Looks like you're keeping up! As you know, some of these threads on boards go dead when the person gives up, and that's understandable, but it's inspiring to see you still going!! I know it's hard. 

I want to do this, but on a budget, haha. a very limited budget.


----------



## Jordanmorrissey (Mar 8, 2009)

I like the OP's idea of trying something new every week. I feel that one of my biggest battles with social anxiety is challenging myself to "try" something new yet I am finally starting to do it. I want my life to change for the better. My ultimate goal is to get a job and maintain the job. I realize my difficulty was with social anxiety feeling afraid of being around people. I have this tendency to "think" of really good ideas and only this year have I decided to "execute" these ideas. A few weeks ago I went to the barber for the first time because I just felt like I should. I wanted to get over that fear.Last month I started to attend a social anxiety support group.

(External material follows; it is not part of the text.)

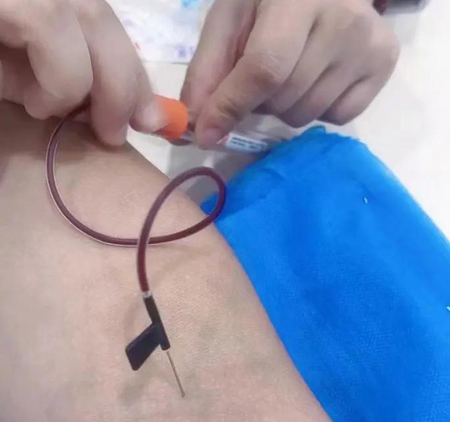 血管帶一定要扎緊,血管才會充盈。然后握拳可以看到血管。血管扁的不明顯的話就輕輕的拍一下。不需要用力的打這樣可以清晰的看到血管。血管比較細(xì)的話。扎血管的地方消毒兩次,采血針打開后。看到的兩頭都是針,針的一頭插進血管,另外一頭插到管引血液。血液抽的差不多時候就用大拇指頂著管頭。血就流不出來了。然后解開止血帶,取一根干棉簽。然后把管的針拔出來就可以了。進針角度大時候不疼但容易漏針,進針角度小時候有點疼不容易漏針。進針的角度為15度-30度不容易漏針也不疼。

Also, this week I had an appoinment with a psychologist for an assessment. A few weeks ago I decided to go see a movie by myself. I want change in my life. The next goal of mine is to go to a bar by myself.


----------



## slyfox (Nov 18, 2007)

Week 15: Walked a small marsh trail. The length of the trail was disappointing. There were some young people near the end of the trail. I forced myself to walk to the end, even though I was a little nervous.

Week 16: I made plaster copies of animal footprints. This was something that I have always wanted to try. First, I practiced on some footprints from my dogs. Later, I went out to an old muddy road that leads to the bay. I was able to make copies of deer and turkey footprints. I also made copies of the footprints from two unknown small animals(will need to check a wildlife footprint book). Being out there made me nervous to the point of being shaky. It was a remote area and appeared to be a popular party spot. I saw no one, but I was worried about being harassed because I was taking so long(hour +). Social anxiety is great 



CutieBoots said:


> Looks like you're keeping up! As you know, some of these threads on boards go dead when the person gives up, and that's understandable, but it's inspiring to see you still going!! I know it's hard.
> 
> I want to do this, but on a budget, haha. a very limited budget.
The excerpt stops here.